_WHAT THIS TASK INVOLVES_. Reproduce the records below exactly, but only between the lines holding "u.c. on paper" and "In den naechsten", inclusive.
(Beginning of INFORMATION PROVIDED)
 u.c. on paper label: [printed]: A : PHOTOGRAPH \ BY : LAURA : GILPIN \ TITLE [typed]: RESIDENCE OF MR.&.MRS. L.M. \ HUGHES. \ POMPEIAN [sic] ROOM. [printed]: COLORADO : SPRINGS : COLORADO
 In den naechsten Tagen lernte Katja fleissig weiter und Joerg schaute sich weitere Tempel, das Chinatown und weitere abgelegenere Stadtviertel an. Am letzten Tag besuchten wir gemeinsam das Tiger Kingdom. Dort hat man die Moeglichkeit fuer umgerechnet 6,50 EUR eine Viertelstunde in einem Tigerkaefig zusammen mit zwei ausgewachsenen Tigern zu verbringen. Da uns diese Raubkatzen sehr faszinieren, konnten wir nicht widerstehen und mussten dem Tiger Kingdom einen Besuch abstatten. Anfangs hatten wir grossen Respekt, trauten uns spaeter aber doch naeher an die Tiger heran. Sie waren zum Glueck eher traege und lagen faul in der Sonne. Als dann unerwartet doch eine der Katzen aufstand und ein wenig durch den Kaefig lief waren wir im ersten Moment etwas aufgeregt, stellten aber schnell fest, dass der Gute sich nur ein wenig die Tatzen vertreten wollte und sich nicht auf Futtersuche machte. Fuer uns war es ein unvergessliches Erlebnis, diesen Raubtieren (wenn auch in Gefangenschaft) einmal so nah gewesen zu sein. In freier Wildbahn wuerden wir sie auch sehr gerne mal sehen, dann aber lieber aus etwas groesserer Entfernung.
(End of INFORMATION PROVIDED)
(Beginning of INFORMATION PROVIDED)
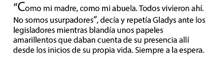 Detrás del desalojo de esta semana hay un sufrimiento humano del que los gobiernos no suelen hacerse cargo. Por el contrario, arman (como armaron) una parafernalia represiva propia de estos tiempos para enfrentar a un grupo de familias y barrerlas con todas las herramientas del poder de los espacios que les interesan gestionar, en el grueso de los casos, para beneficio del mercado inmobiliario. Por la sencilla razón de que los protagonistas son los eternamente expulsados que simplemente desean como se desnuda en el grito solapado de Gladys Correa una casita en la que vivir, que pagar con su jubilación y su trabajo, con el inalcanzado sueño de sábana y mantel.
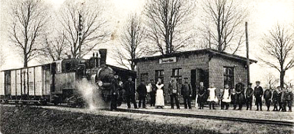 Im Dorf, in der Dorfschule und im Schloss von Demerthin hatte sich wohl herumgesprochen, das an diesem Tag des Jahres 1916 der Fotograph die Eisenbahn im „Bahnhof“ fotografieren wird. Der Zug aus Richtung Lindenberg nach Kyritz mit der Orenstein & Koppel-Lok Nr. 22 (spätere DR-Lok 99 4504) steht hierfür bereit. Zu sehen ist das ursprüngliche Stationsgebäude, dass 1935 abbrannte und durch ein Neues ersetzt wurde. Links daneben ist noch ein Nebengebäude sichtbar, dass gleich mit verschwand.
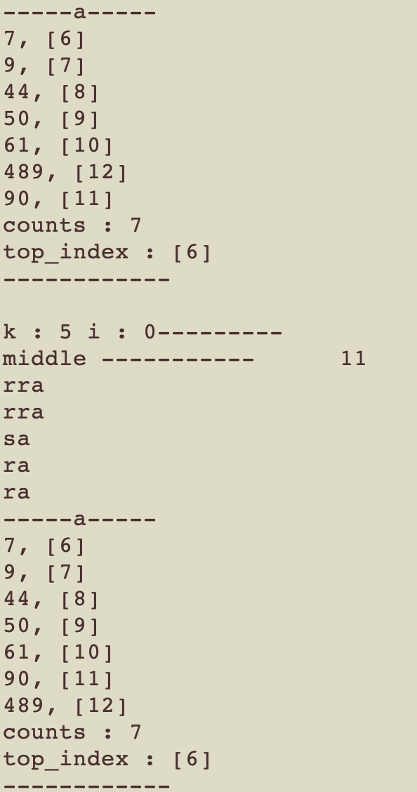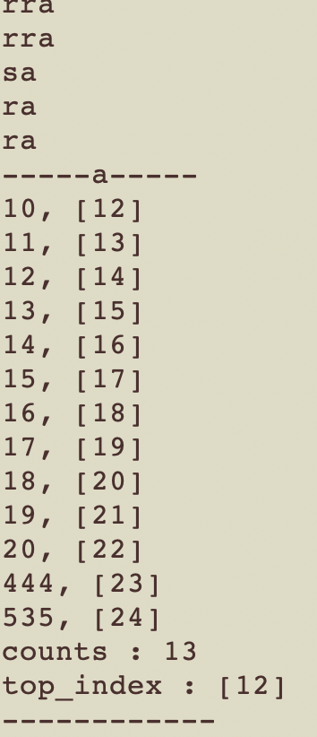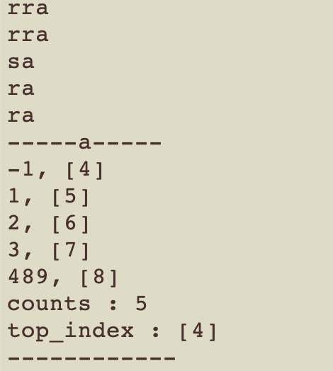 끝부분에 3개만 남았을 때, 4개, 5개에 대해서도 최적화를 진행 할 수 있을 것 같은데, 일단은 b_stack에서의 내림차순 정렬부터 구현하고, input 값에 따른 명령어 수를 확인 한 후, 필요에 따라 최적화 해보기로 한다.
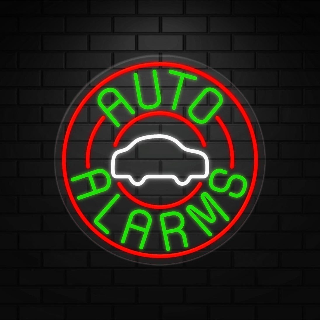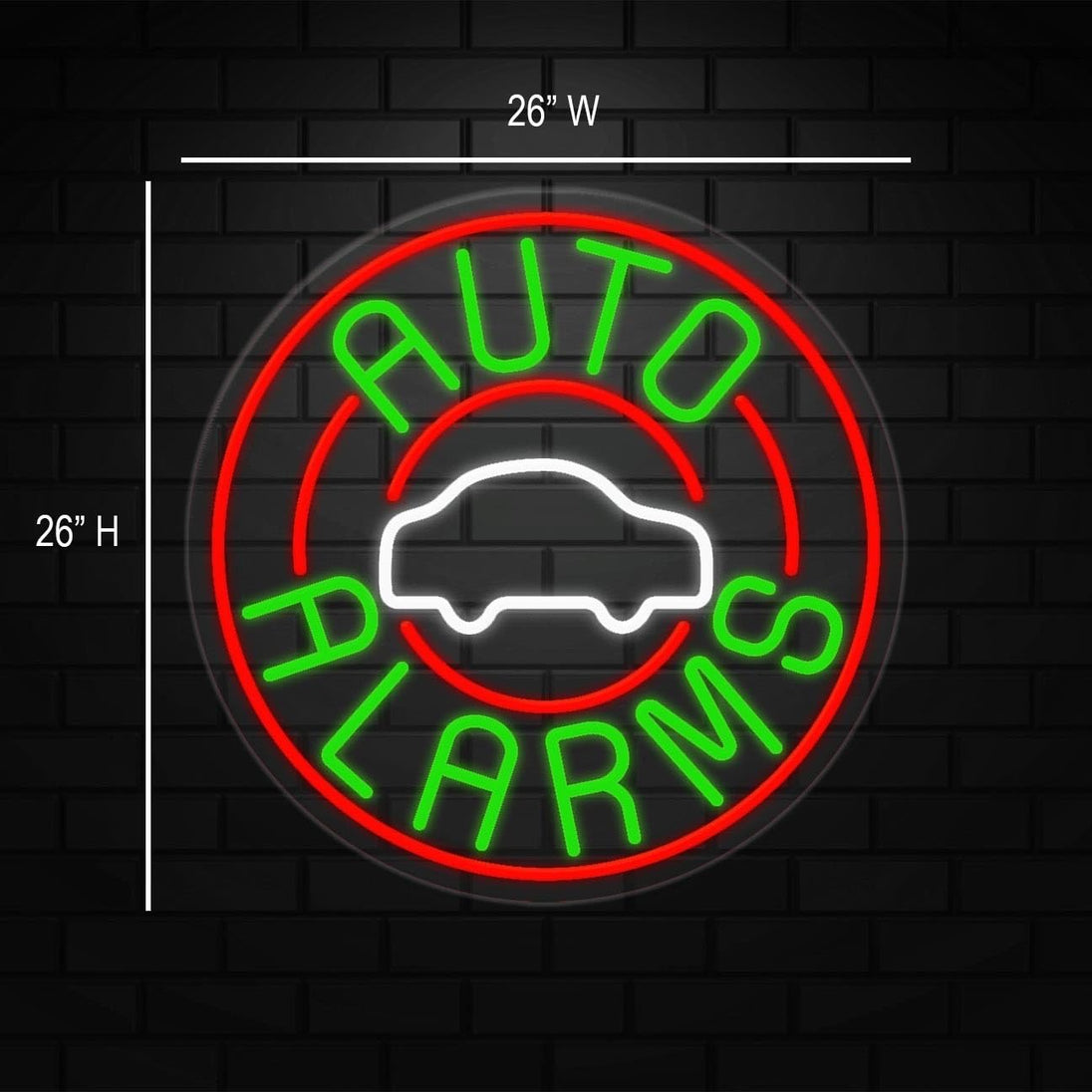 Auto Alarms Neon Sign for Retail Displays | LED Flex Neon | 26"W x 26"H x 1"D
(End of INFORMATION PROVIDED)
_RESPONSE AREA_.
 u.c. on paper label: [printed]: A : PHOTOGRAPH \ BY : LAURA : GILPIN \ TITLE [typed]: RESIDENCE OF MR.&.MRS. L.M. \ HUGHES. \ POMPEIAN [sic] ROOM. [printed]: COLORADO : SPRINGS : COLORADO
 In den naechsten Tagen lernte Katja fleissig weiter und Joerg schaute sich weitere Tempel, das Chinatown und weitere abgelegenere Stadtviertel an. Am letzten Tag besuchten wir gemeinsam das Tiger Kingdom. Dort hat man die Moeglichkeit fuer umgerechnet 6,50 EUR eine Viertelstunde in einem Tigerkaefig zusammen mit zwei ausgewachsenen Tigern zu verbringen. Da uns diese Raubkatzen sehr faszinieren, konnten wir nicht widerstehen und mussten dem Tiger Kingdom einen Besuch abstatten. Anfangs hatten wir grossen Respekt, trauten uns spaeter aber doch naeher an die Tiger heran. Sie waren zum Glueck eher traege und lagen faul in der Sonne. Als dann unerwartet doch eine der Katzen aufstand und ein wenig durch den Kaefig lief waren wir im ersten Moment etwas aufgeregt, stellten aber schnell fest, dass der Gute sich nur ein wenig die Tatzen vertreten wollte und sich nicht auf Futtersuche machte. Fuer uns war es ein unvergessliches Erlebnis, diesen Raubtieren (wenn auch in Gefangenschaft) einmal so nah gewesen zu sein. In freier Wildbahn wuerden wir sie auch sehr gerne mal sehen, dann aber lieber aus etwas groesserer Entfernung.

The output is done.